That has a direct implication for AI pentesting. The target response body is not just data. A JavaScript bundle, a DOM node, a PDF, a comment field, or a documentation page can all contain instructions designed to steer the model. So can a repository, a readme, a tool output file, or a mocked API response. The harness must therefore treat the target as adversarial input at every layer.
This changes how you design workers. The recon worker should not be allowed to reinterpret arbitrary page content as trusted instructions. The flow mapper should separate extracted observations from agent directives. The verifier should not trust executor-supplied commentary. The evidence writer should annotate where artifacts came from and whether they were generated from trusted or untrusted sources. Prompt injection is not an optional edge case. It is part of the normal threat model for agentic testing. (Anthropic)
It also changes how you think about tools. The MCP security guide does not just discuss tokens. It names local server compromise and scope minimization because the tool plane is part of the attack surface. Anthropic’s hooks documentation similarly warns that command hooks execute with the user’s full permissions. Once you combine tool access, command execution, browser access, memory, and repo-local configuration, the old line between “data” and “execution” starts to dissolve. (Model Context Protocol)
A useful way to reason about this is to model four input classes.
| Input class | أمثلة | Primary risk | Required control |
|---|---|---|---|
| Trusted instructions | Engagement manifest, operator approvals, policy rules | Over-broad authorization or stale policy | Versioned policy, review, change control |
| Semi-trusted internal context | Notes, handoff summaries, prior evidence | Memory poisoning, stale assumptions | Structured schemas, provenance tags, expiry |
| Untrusted target content | HTML, JS, docs, PDFs, API responses | Indirect prompt injection, misdirection, false proof | Input labeling, sandboxed parsing, no implicit instruction following |
| Tool plane content | MCP outputs, hook inputs, repo config, local scripts | Command execution, token theft, confused deputy, SSRF | Tool allowlists, audience validation, container isolation, repo trust model |
The table is a synthesis, but it follows the threat patterns documented by Anthropic, OWASP, and MCP’s own official security guidance. (Anthropic)
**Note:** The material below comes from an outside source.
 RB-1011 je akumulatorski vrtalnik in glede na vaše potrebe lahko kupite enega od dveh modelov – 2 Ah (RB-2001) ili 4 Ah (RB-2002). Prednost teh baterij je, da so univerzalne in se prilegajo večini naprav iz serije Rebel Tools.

The CVEs that make this architecture non-optional
High-level design becomes much less abstract when you look at what has already happened in adjacent agent systems.
Langflow CVE-2025-3248 and the myth of harmless helper endpoints
NVD describes CVE-2025-3248 as a code injection issue in Langflow versions prior to 1.3.0. The vulnerable endpoint was /api/v1/validate/code, and the flaw allowed a remote unauthenticated attacker to send crafted requests that execute arbitrary code. CISA later added the issue to its Known Exploited Vulnerabilities workstream. (NVD)
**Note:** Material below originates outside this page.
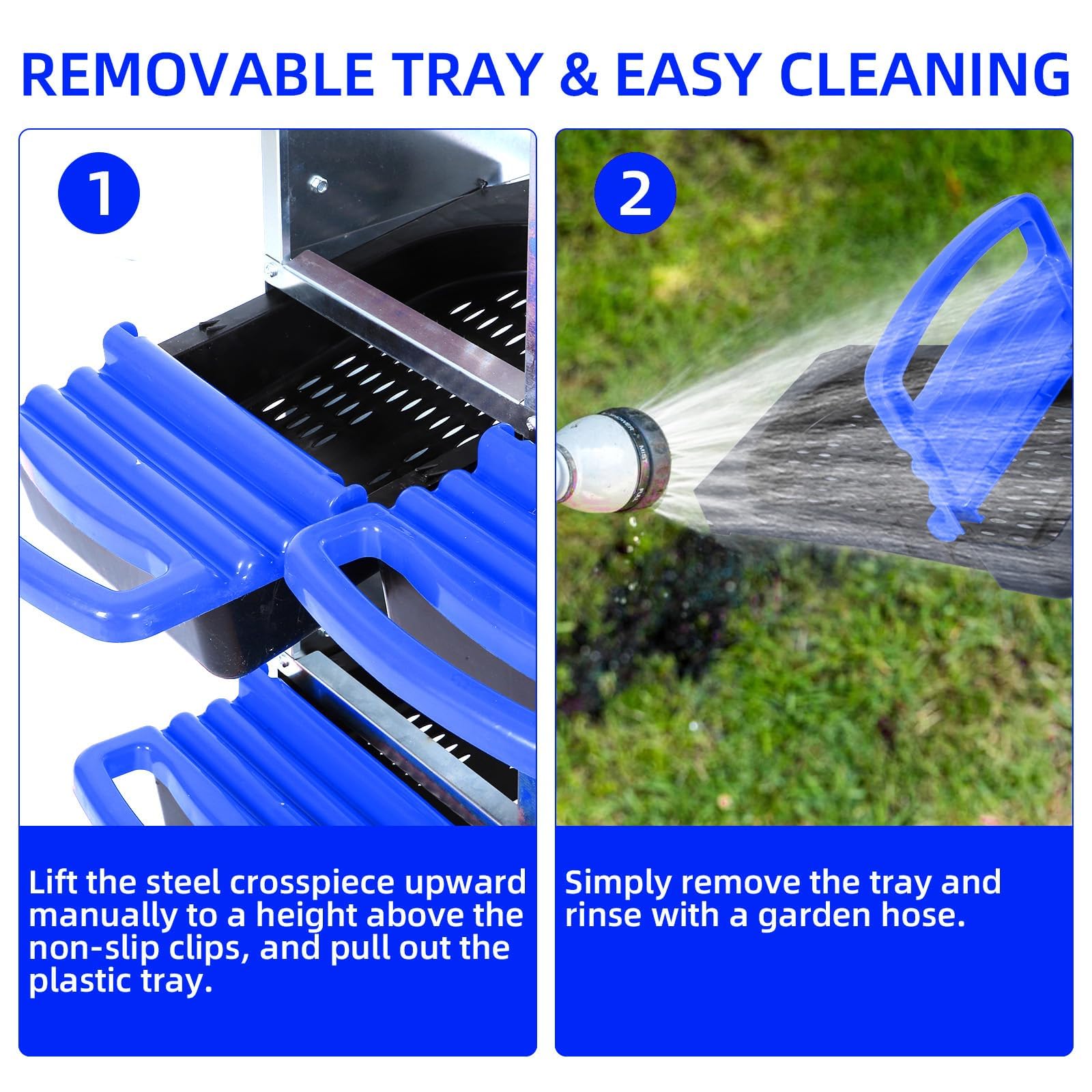 【Easy to Clean & Maintain】--The removable tray allows for quick and efficient cleaning, making it easy to remove any mess. Small holes in the bottom prevent water from pooling and allow debris to easily fall out of the mesh tray. Our nesting box offers a clean, comfortable, and secure space for hens to lay eggs.

Why does that matter to a pentest harness article? Because it is a clean example of a failure many teams still underestimate. AI workflow products often contain “helper” or “validation” paths that feel like support functions rather than core execution surfaces. In practice, the thing named validate may be exactly where unsafe execution happens. A harness architect should learn two lessons from this. First, internal helper capabilities must be threat-modeled as execution boundaries, not convenience features. Second, policy and verification must cover supporting endpoints just as aggressively as the obvious ones. (NVD)
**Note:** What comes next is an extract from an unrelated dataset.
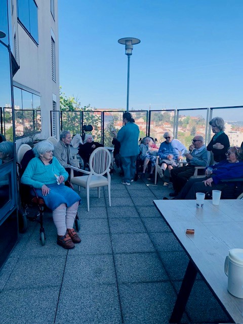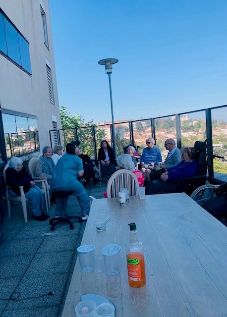 Avec les beaux jours, les soignants organisent les activités et le goûter des résidents de notre UPDP sur la belle terrasse ensoleillée avec une vue panoramique sur la ville de Lyon.

For defenders, the mitigation story is equally instructive. NVD points to fixed versions and vendor references. At the architecture level, the repair is not just “add auth.” It is also “stop assuming that code-validation features can safely process attacker-controlled inputs.” That is a design correction, not just a patch. (NVD)
Langflow CVE-2026-33017 and the danger of partial fixes
The later Langflow issue is even more revealing. NVD describes CVE-2026-33017 as an unauthenticated remote code execution flaw in versions prior to 1.9.0. The vulnerable endpoint, POST /api/v1/build_public_tmp/{flow_id}/flow, was intentionally unauthenticated for public flows, but accepted attacker-controlled flow data containing arbitrary Python code in node definitions and passed it to تنفيذ() with zero sandboxing. NVD explicitly notes that this issue is distinct from CVE-2025-3248. It was not the same bug resurfacing in the same endpoint. It was the broader execution model showing up somewhere else. NVD also records that the flaw entered CISA’s Known Exploited Vulnerabilities Catalog in March 2026. (NVD)
This is exactly the kind of lesson AI pentest harness builders should care about. A system can fix one dangerous endpoint and still retain the underlying pattern somewhere else. If your harness has multiple code paths that can transform untrusted data into tool invocations, browser actions, or shell commands, patching one surface is not enough. You need an architectural boundary. In Anthropic’s language, that means actual sandboxing and permission layers. In pentest-harness language, it means a policy kernel outside the model and a runtime that never treats “public” or “helper” surfaces as automatically low risk. (Anthropic)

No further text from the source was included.